WORK INSTRUCTION: Reproduce the data exactly and drop any pictures it holds.

DATA SEGMENT:
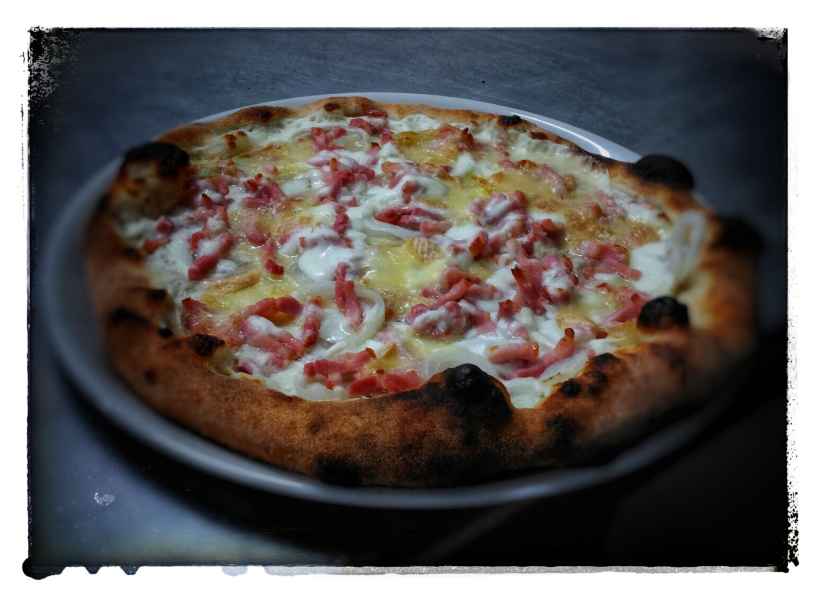 Crème fraîche, mozzarella, oignons, munster, lard, pommes de terre.
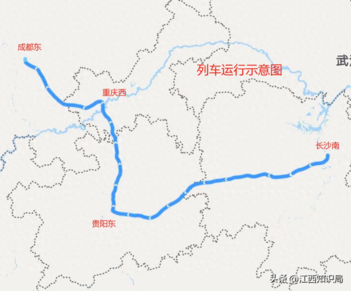 G2161次列车由长沙南至成都东,途经贵阳、重庆,耗时约8小时
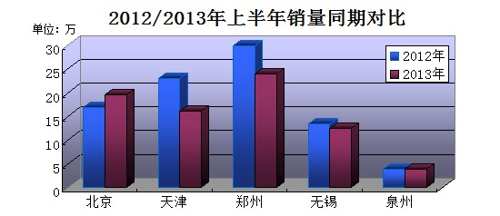記者對北京、天津、鄭州、無錫、泉州五個城市經(jīng)銷商進行了抽樣調查,數(shù)據(jù)顯示,與2012年上半年銷量對比,除北京市場增長15%外,天津、鄭州、無錫、泉州四城市銷量均呈現(xiàn)不同程度的下降
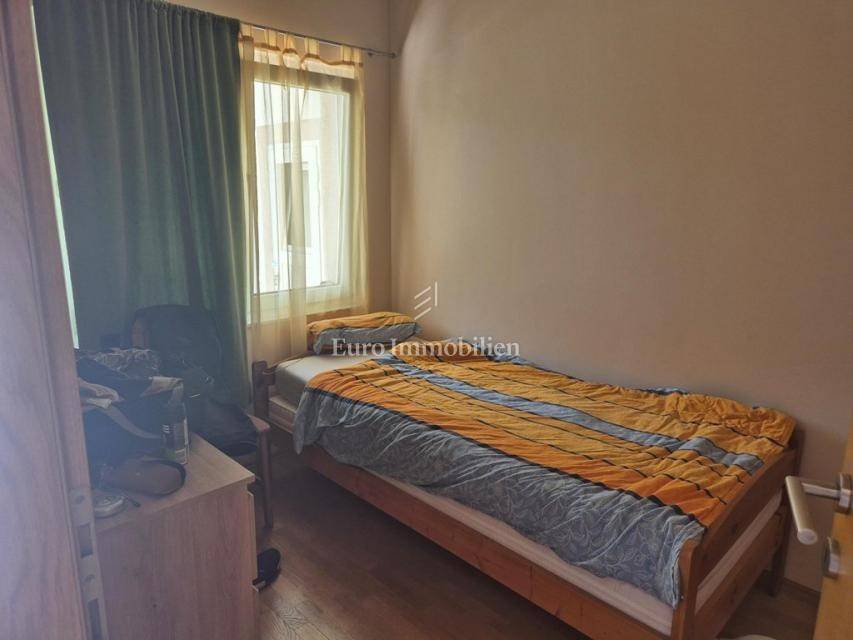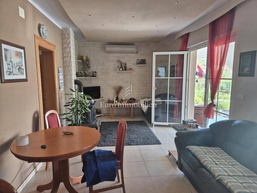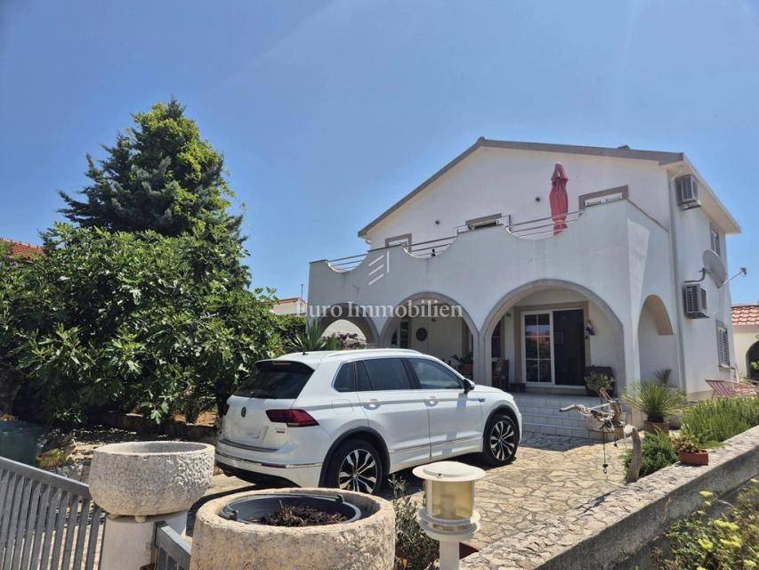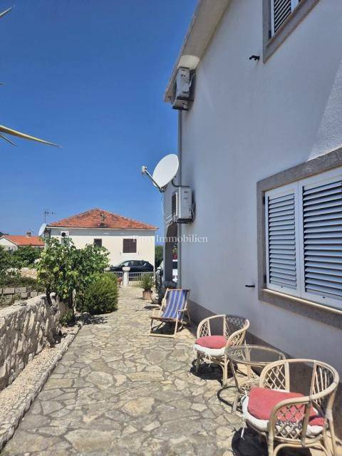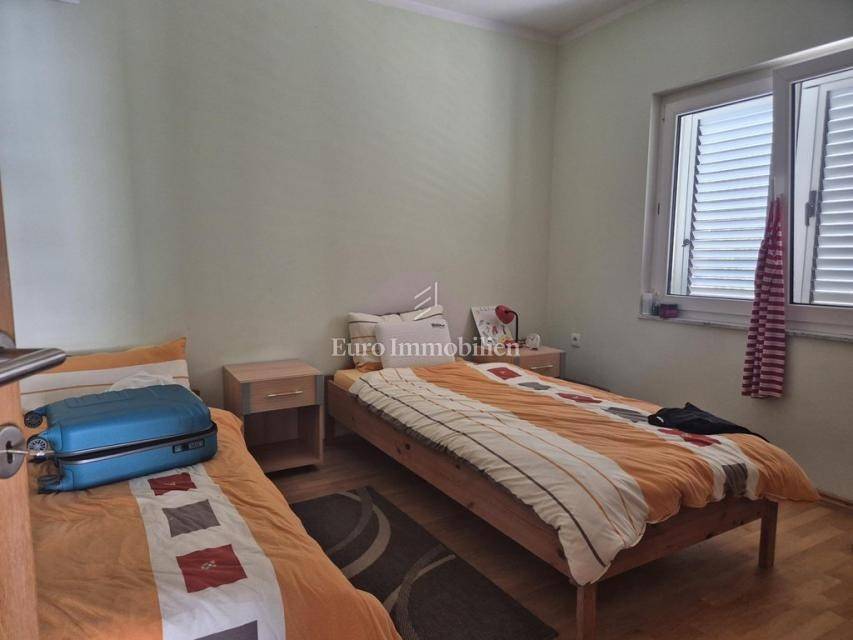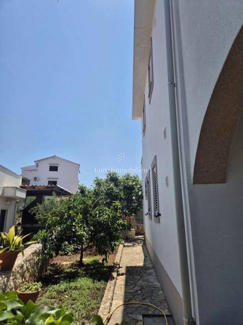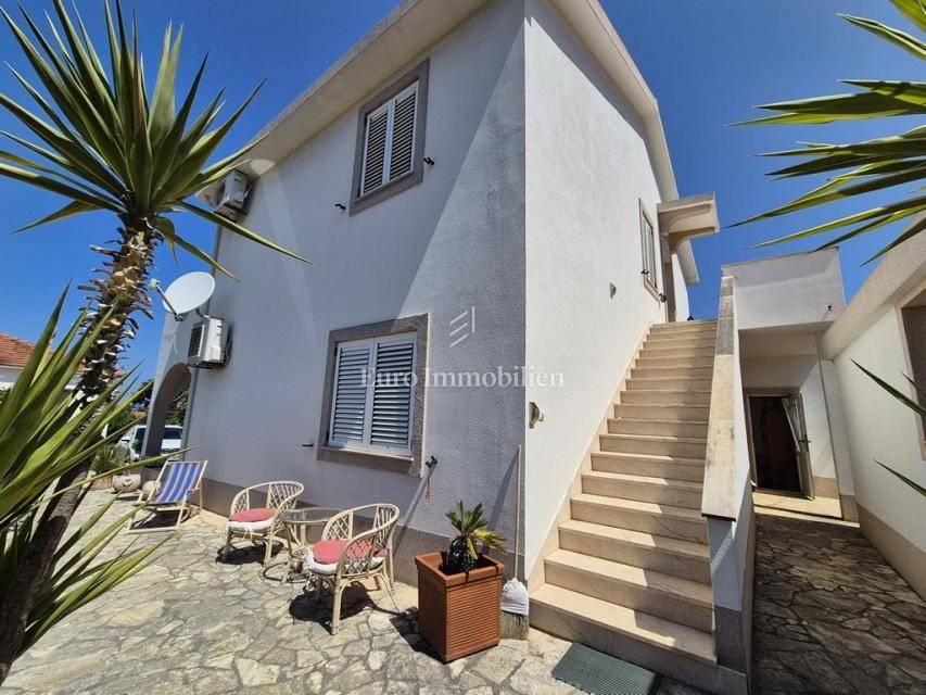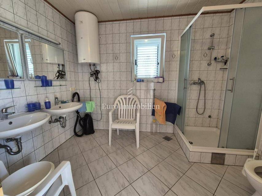 The house consists of two apartments. The ground floor apartment consists of two bedrooms, a living room, a kitchen, a dining room and a bathroom. The apartment on the first floor consists of three bedrooms, a living room, a kitchen, a dining room and a bathroom. It is located near the sea and a well-maintained beach. There is space in the yard for building a swimming pool.

RESPONSE TO THE TASK:
 Crème fraîche, mozzarella, oignons, munster, lard, pommes de terre.
 G2161次列车由长沙南至成都东,途经贵阳、重庆,耗时约8小时
記者對北京、天津、鄭州、無錫、泉州五個城市經(jīng)銷商進行了抽樣調查,數(shù)據(jù)顯示,與2012年上半年銷量對比,除北京市場增長15%外,天津、鄭州、無錫、泉州四城市銷量均呈現(xiàn)不同程度的下降
 The house consists of two apartments. The ground floor apartment consists of two bedrooms, a living room, a kitchen, a dining room and a bathroom. The apartment on the first floor consists of three bedrooms, a living room, a kitchen, a dining room and a bathroom. It is located near the sea and a well-maintained beach. There is space in the yard for building a swimming pool.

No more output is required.